Regardless, the TVAAS modeling has been sufficiently understood such that value-added experts and researchers have replicated the models for their own analyses. In doing so, they have validated and reaffirmed the appropriateness of the TVAAS modeling. The references below include recent studies by statisticians from the RAND Corporation, a non-profit research organization:

  • On the choice of a complex value-added model: McCaffrey, Daniel F., and J.R. Lockwood. 2008. "Value-Added Models: Analytic Issues." Prepared for the National Research Council and the National Academy of Education, Board on Testing and Accountability Workshop on Value-Added Modeling, Nov. 13-14, 2008, Washington, DC.
  • On the advantages of the longitudinal, mixed model approach: Lockwood, J.R. and Daniel F. McCaffrey. 2007. "Controlling for Individual Heterogeneity in Longitudinal Models, with Applications to Student Achievement." Electronic Journal of Statistics 1: 223-52.
  • On the insufficiency of simple value-added models: McCaffrey, Daniel F., B. Han, and J.R. Lockwood. 2008. "From Data to Bonuses: A Case Study of the Issues Related to Awarding Teachers Pay on the Basis of the Students' Progress." Presented at Performance Incentives: Their Growing Impact on American K-12 Education, Feb. 28-29, 2008, National Center on Performance Incentives at Vanderbilt University.

TVAAS in Practice

TVAAS includes two main statistical models, each described briefly below.
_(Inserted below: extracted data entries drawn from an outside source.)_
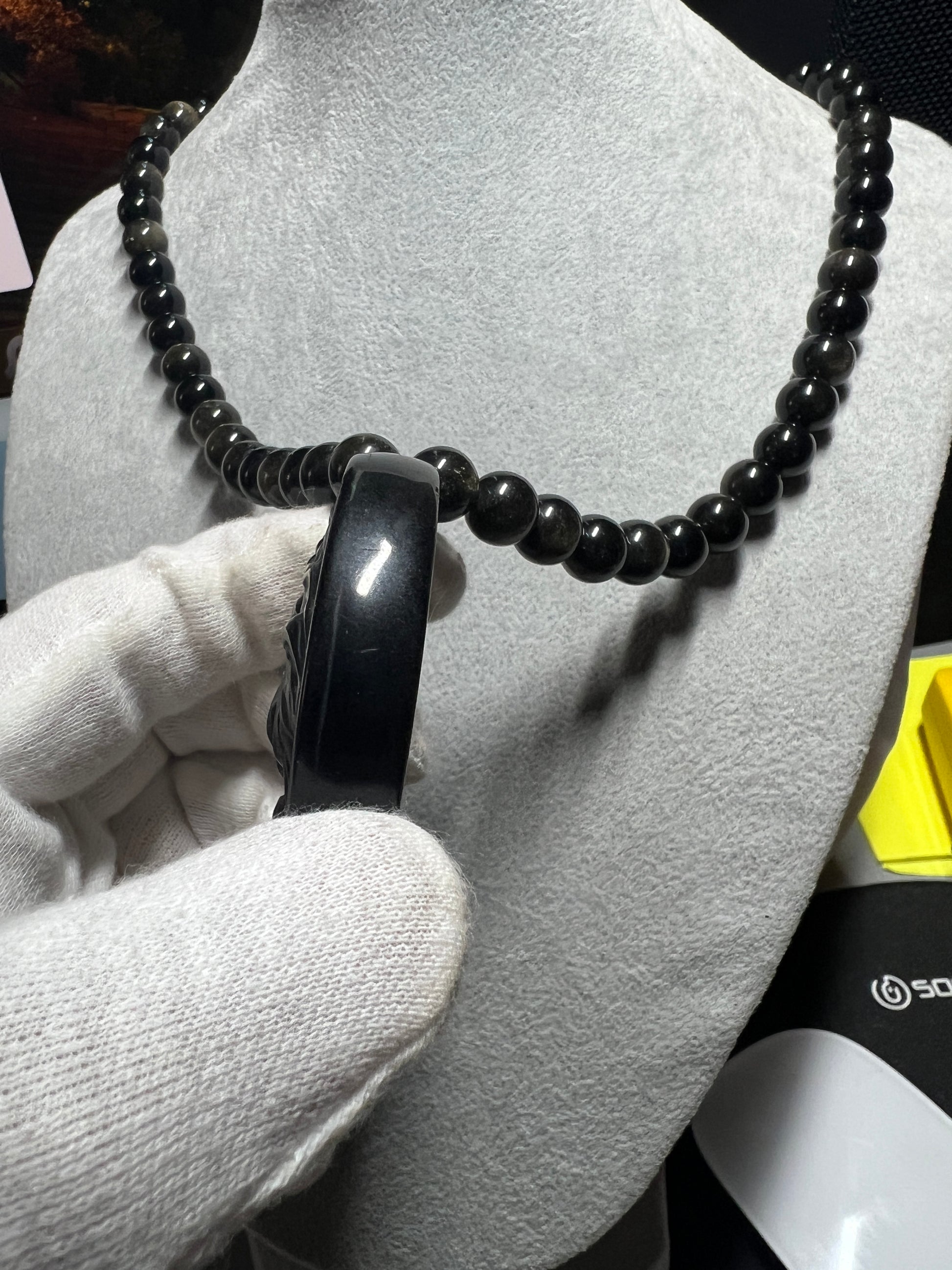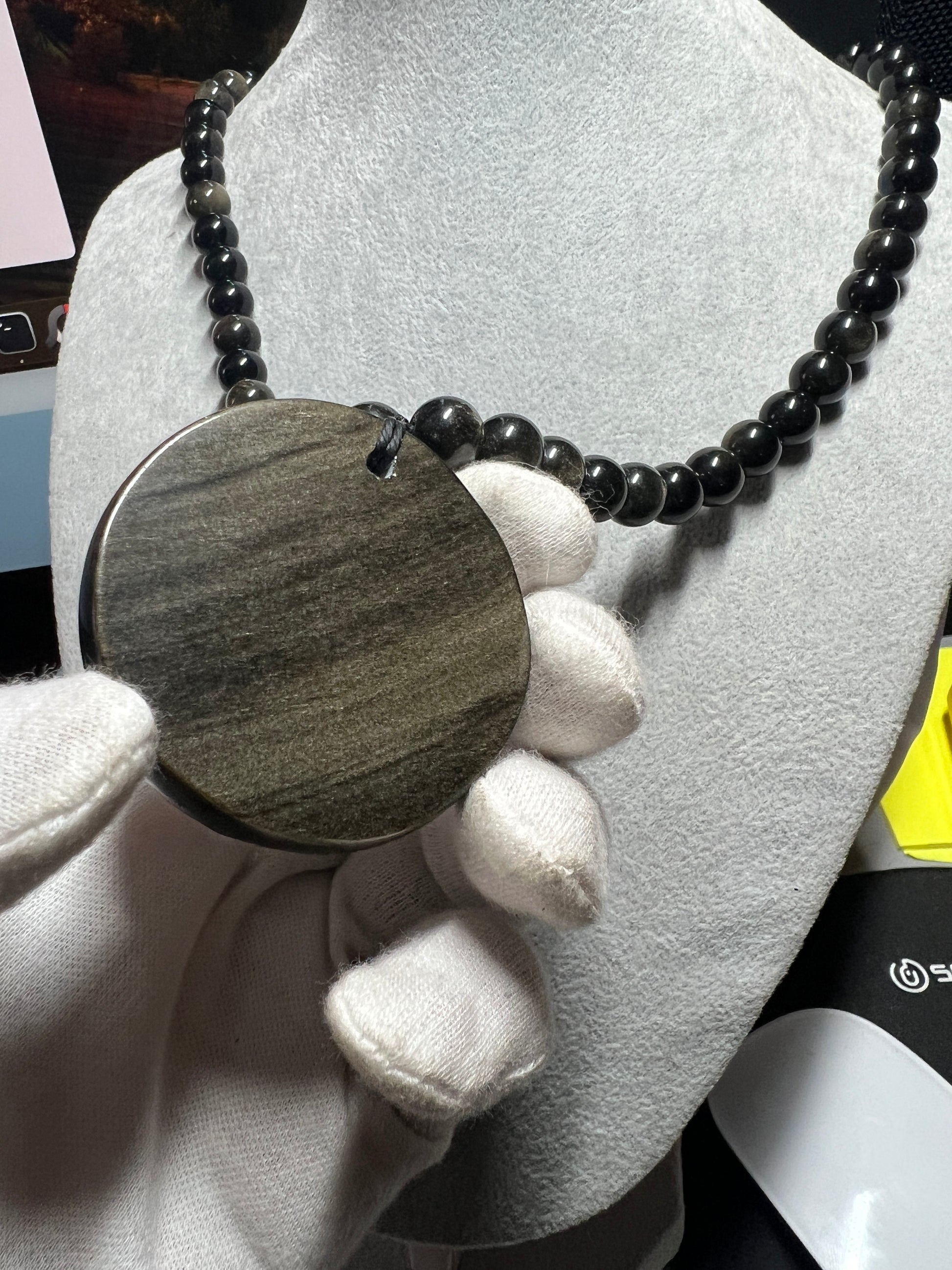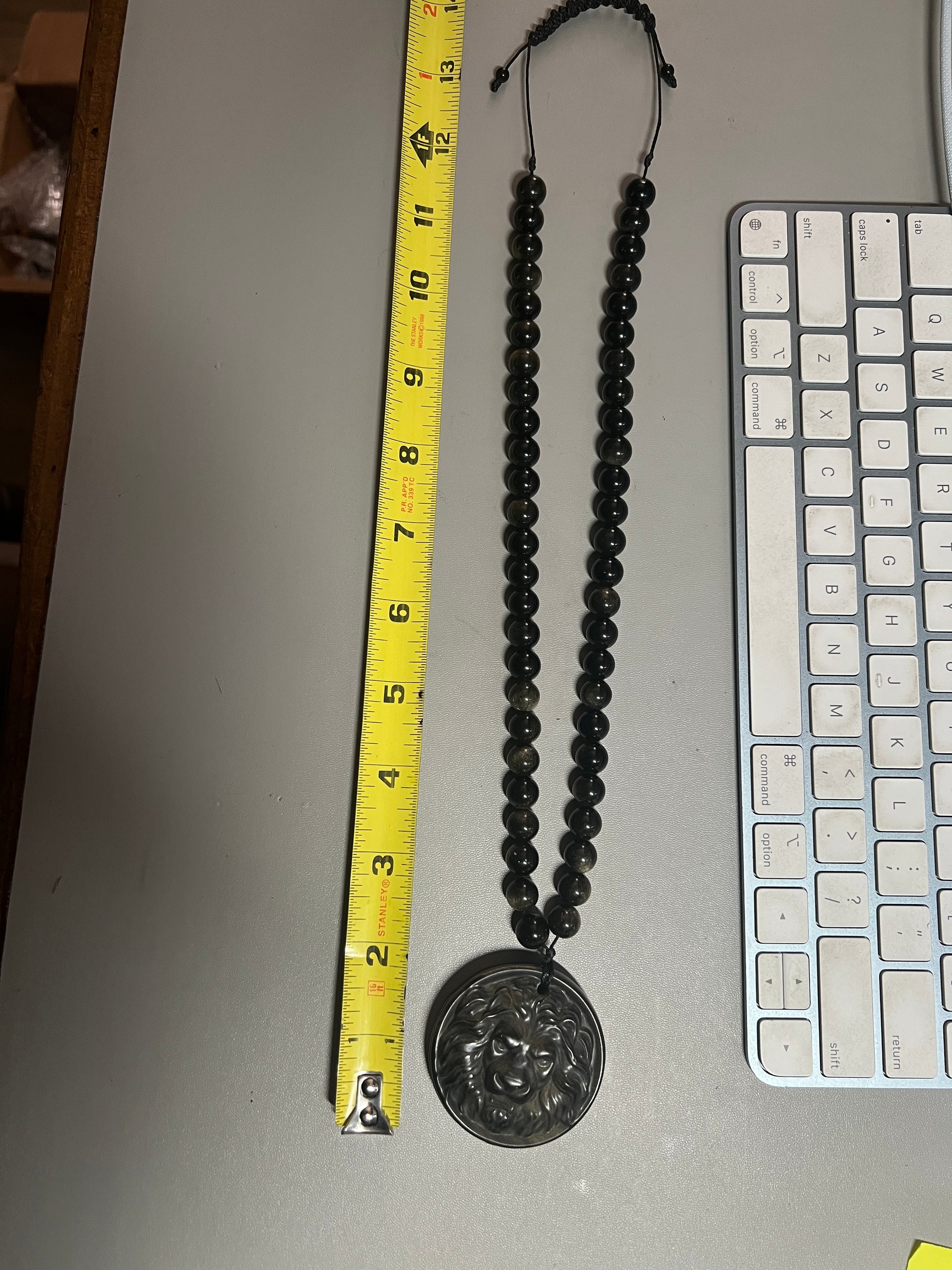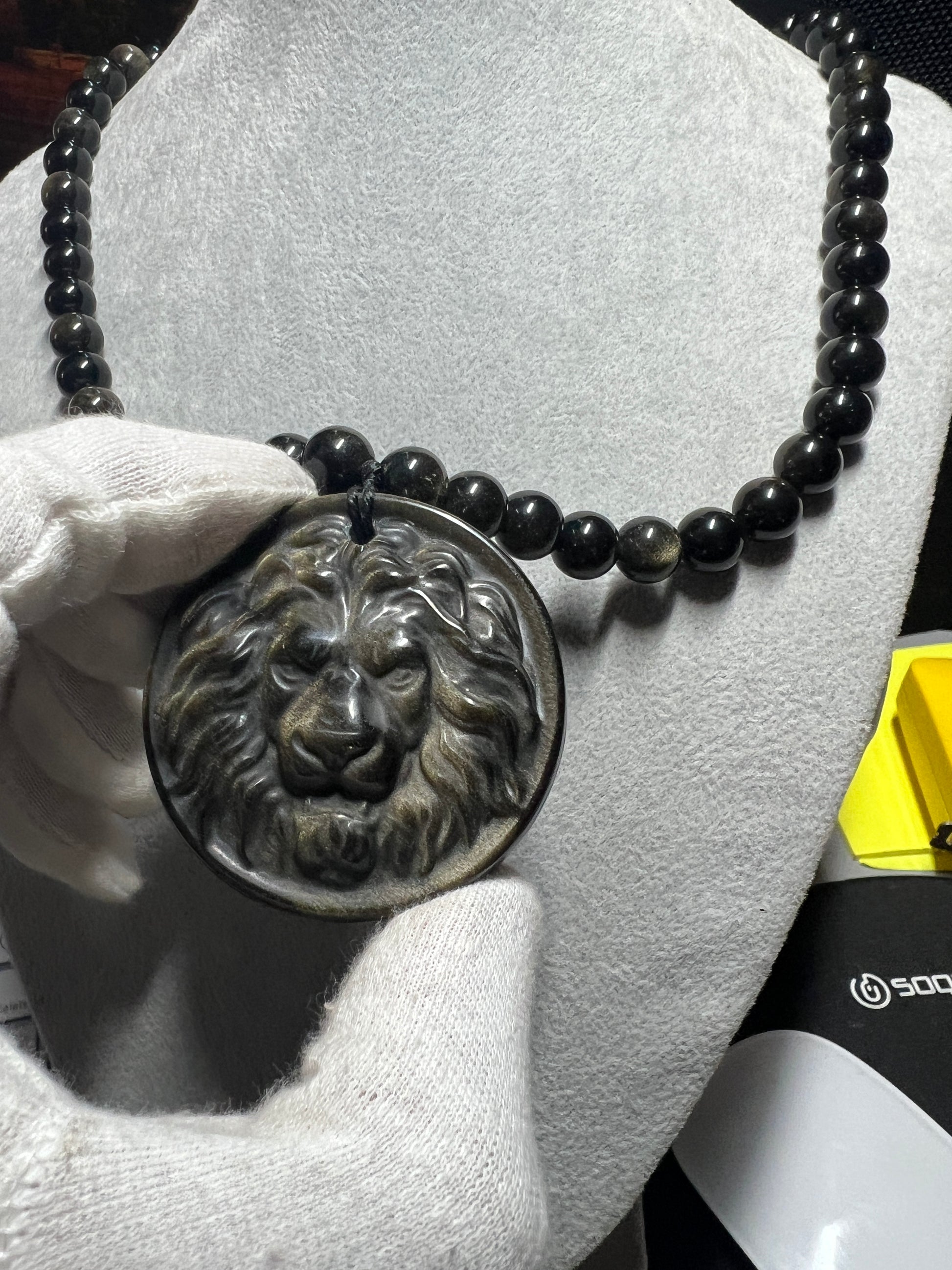 Lion Gold Obsidian Pendant Beaded Necklace, Lions, King of Jungle, Rare, Unique (#16)
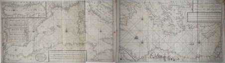 Nieuwe Paskaart van ‘t Eerste Gedeelte der Middelansche-Zee tusschen ‘t I. Cadix en ‘t I. Malta = Nouvelle Carte Marine pour la Premier Partie de la Mer-Mediterranee (.) = The New Sea Map of the First Part of the Midland-Sea (.) = Nueva Carta Maritima la Primera Parte del Mar-Mediteraneo (.) = Nuova Carta Maritima la Prima Parte del Mar- Mediteraneo & Nieuwe Paskaart van ‘t Tweede Gedeelte der Middelandsche-Zee Tusschen ‘t I. Malta en Alexandretta = The New Sea Map of the Seconde Partie of the Midland-Sea (.) = Nouvelle Carte Marine pour la Deuxiesme Partie de la Mer-Mediterranee (.) = Nuova Carta Maritima la Seconda Parte del Mar-Mediteraneo (.).Acquaforte e bulino, stampata su due fogli, rispettivamente di dimensioni 600x990 mm e 595x1000 mm. Rappresentazione nautica del Mar Mediterraneo, suddiviso nella parte occidentale ed in quella orientale.Il titolo della parte occidentale, contenuto nel grande cartiglio decorativo a sinistra, è ripetuto in ben 5 lingue: olandese, francese, inglese, spagnolo e italiano. In basso al centro è riportato l’imprint editoriale: t’ Amsterdam by Ioannes van Keulen Boek Zeeekard Verkooper en Graad boog maker aan de Oost Zyde Vande Nieuwe Brug inde Gekroonde Lootsman met privilegie Nieuwelycks op Gestel door G: v: Keulen. Il titolo della parte orientale, nel grande cartiglio in alto a destra è riportato in 4 lingue ma non in spagnolo. In basso al centro si legge: t’ Amsterdam by Ioannes van Keulen Boek-Zeeekard Verkooper en Graad boog maker aande Oost Zyde van de Nieuwe brug inde Gekroonde Lootsman Opgestelt door G: v: Keulen. met Privilegie.Si tratta di una variante della carta precedente della tipografia Van Keulen - firmata da Johannes I Van Keulen e dal figlio Gerard e databile al 1709 - che vede le lastre emendate e leggermente ridotte (di circa 10 mm): vengono aggiunti degli elementi decorativi nel foglio di destra, dove è disegnato un gruppo di figure in abiti orientali che circonda il cartiglio; nel mare compaiono due navi collocate a largo di Malta e Cipro. Secondo Nils Persson (cfr. Loose printed Sea Charts published by Van Keulen, p. 177) le carte non sono parte di nessuna raccolta nautica, ma venivano vendute singolarmente.Nell’angolo superiore sinistro della tavola occidentale troviamo, fuori scala in un cartiglio, la rappresentazione del Mar Adriatico; nel foglio orientale, in basso a destra, troviamo il particolare della costa libica: Barbaria van I. Zerby tot Tripoli. La prima versione della carta appartiene al terzo volume dello Zee-Fakkel, del quale è una delle tavole aggiunte nel 1709 da Gerard van Keulen. Firmata da Johannes Van Keulen (1654 - 1715), la carta è completata e stampata dal figlio Gerard (1678 - 1726), il cui nome è riportato in entrambi i cartigli. Sebbene, secondo Koeman, la carta sarebbe stampata solo nel 1734 (cfr. AN, IV, p. 341, Keu 95 e V, p. 203), Irene Jacobs conferma che la carta appartiene all’aggiornamento dello Zee-Fakkel del 1709 (cfr. Charts in Zee-Fakkel and Zee-Atlas, p. 204). Il primo atlante Van Keulen nel quale abbiamo riscontrato la presenza della carta è il terzo volume dello Zee-Fakkel, edizione francese del 1723: Le Nouveau & Grand Illuminant Flambeau de la Mer (…) par Nicolas Jansz Vooght, & Gerard van Keulen, Geomêtre, & Maistre en Mathematiques. Imprime a Amsterdam: par Jean Van Ceulen, Marchand Libraire de Cartes Marines. A° 1723. Conservato alla Biblioteca Nacional di Madrid, il volume è citato ma non descritto da Koeman (cfr. AN, IV, p. 345, Keu 103 D). Le raccolte nautiche di Johannes van Keulen non erano composte da carte progettate intenzionalmente per questo tipo di opere: una quarantina di carte furono pubblicate per la prima volta nel 1680, ma il numero delle tavole aumentò sin da subito; nel 1683 - quando furono pubblicate le parti I, II, III, e IV - il numero aumentò a 116 mappe. L’atlante più voluminoso, apparso nel 1695, comprende 160 mappe di Johannes v. Neuwe Paskaart van ‘t Eerste Gedeelte der Middelansche-Zee tusschen ‘t I. Cadix en ‘t I. Malta = Nouvelle Carte Marine pour la Premier Partie de la Mer-Mediterranee (.) = The New Sea Map of the First Part of the Midland-Sea (.) = Nueva Carta Maritima la Primera Parte del Mar-Mediteraneo (.) = Nuova Carta Maritima la Prima Parte del Mar- Mediteraneo & Nieuwe Paskaart van ‘t Tweede Gedeelte der Middelandsche-Zee Tusschen ‘t I. Malta en Alexandretta = The New Sea Map of the Seconde Partie of the Midland-Sea (.) = Nouvelle Carte Marine pour la Deuxiesme Partie de la Mer-Mediterranee (.) = Nuova Carta Maritima la Seconda Parte del Mar-Mediteraneo (.).Etching and engraving, printed on two sheets, respectively 600x900 and 595x1000Nautical representation of the Mediterranean Sea, divided into the western and eastern parts.The title of the western part, contained in the large decorative cartouche on the left, is repeated in 5 languages: Dutch, French, English, Spanish and Italian. At the bottom of the page is the editorial imprint: t 'Amsterdam by Ioannes van Keulen Boek Zeeekard Verkooper en Graad boog maker aan de Oost Zyde Vande Nieuwe Brug inde. The title of the eastern part, in the large cartouche at the top right, is shown in 4 languages but not in Spanish. At the bottom center reads: t 'Amsterdam by Ioannes van Keulen Boek-Zeeekard Verkooper en Graad boog maker aande Oost Zyde van de Nieuwe brug inde Gekroonde Lootsman Opgestelt door G: v: Keulen. met Privileges.It is a variant of the previous map of the Van Keulen's - signed by Johannes I Van Keulen and by his son Gerard and datable to 1709 - which sees the changes and slightly reduced plates (of about 10 mm): decorative elements are added to the sheet on the right, where a group of figures in oriental clothes is drawn surrounding the cartouche; in the sea two ships appear off the coast of Malta and Cyprus. According to Nils Persson (see Loose printed Sea Charts published by Van Keulen, p. 177) the maps are not part of any nautical collec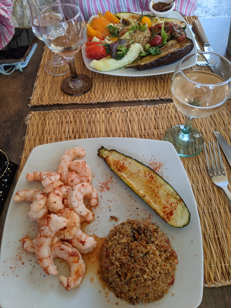 My brief journey to San Francisco complete, I couldn’t wait to get back on a plane and return to France. Kelly had been seeing the sights, including a return trip to Arles and their fantastic Saturday market, along with Cassis and the wonderful clear water inlets there. I felt like I had been missing out, but at the airport I scored a business class upgrade on British, so I made up for some lost time in France with some French wine with my dinner en route.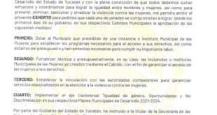 A crear, en los primeros días de sus administraciones, las instancias o Institutos Municipales de la Mujer para contribuir al combate de la violencia contra este sector. -Vila Dosal llamó a fortalecer técnica y presupuestalmente dichas dependencias; establecer vinculación para garantizar servicios especializados e implementar el eje transversal “Igualdad de …
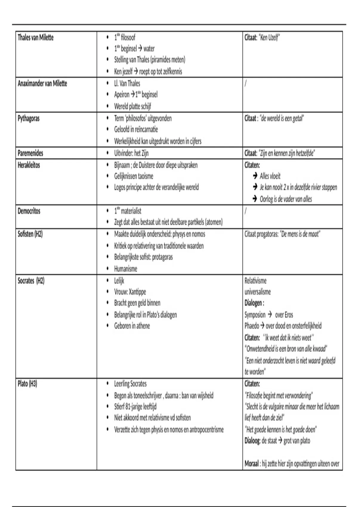 Overzicht alle filosofen met hun kenmerken en citaten. En alle hoofdstukken samengevat! (Bij H7 en 12 vielen er zaken weg dus die staan er niet bij)

  • The growth standard methodology (also known as the multivariate response model or MRM) used in value-added analyses is a multivariate, longitudinal, linear mixed model. In other words, it is conceptually a multivariate repeated-measures ANOVA model. The growth standard methodology is used when there are clear "before" and "after" assessments in which to form a reliable gain estimate. In Tennessee, this is used for for TCAP reporting in Mathematics and English Language Arts in grades 4-8.
  • The predictive methodology (also known as the univariate response model or URM) used in value-added analyses is conceptually an analysis of covariance (ANCOVA) model. The predictive methodology is based on the difference between expected scores and actual scores for students. In Tennessee, this is used EOC reporting and for TCAP reporting in Social Studies for grades 6-8.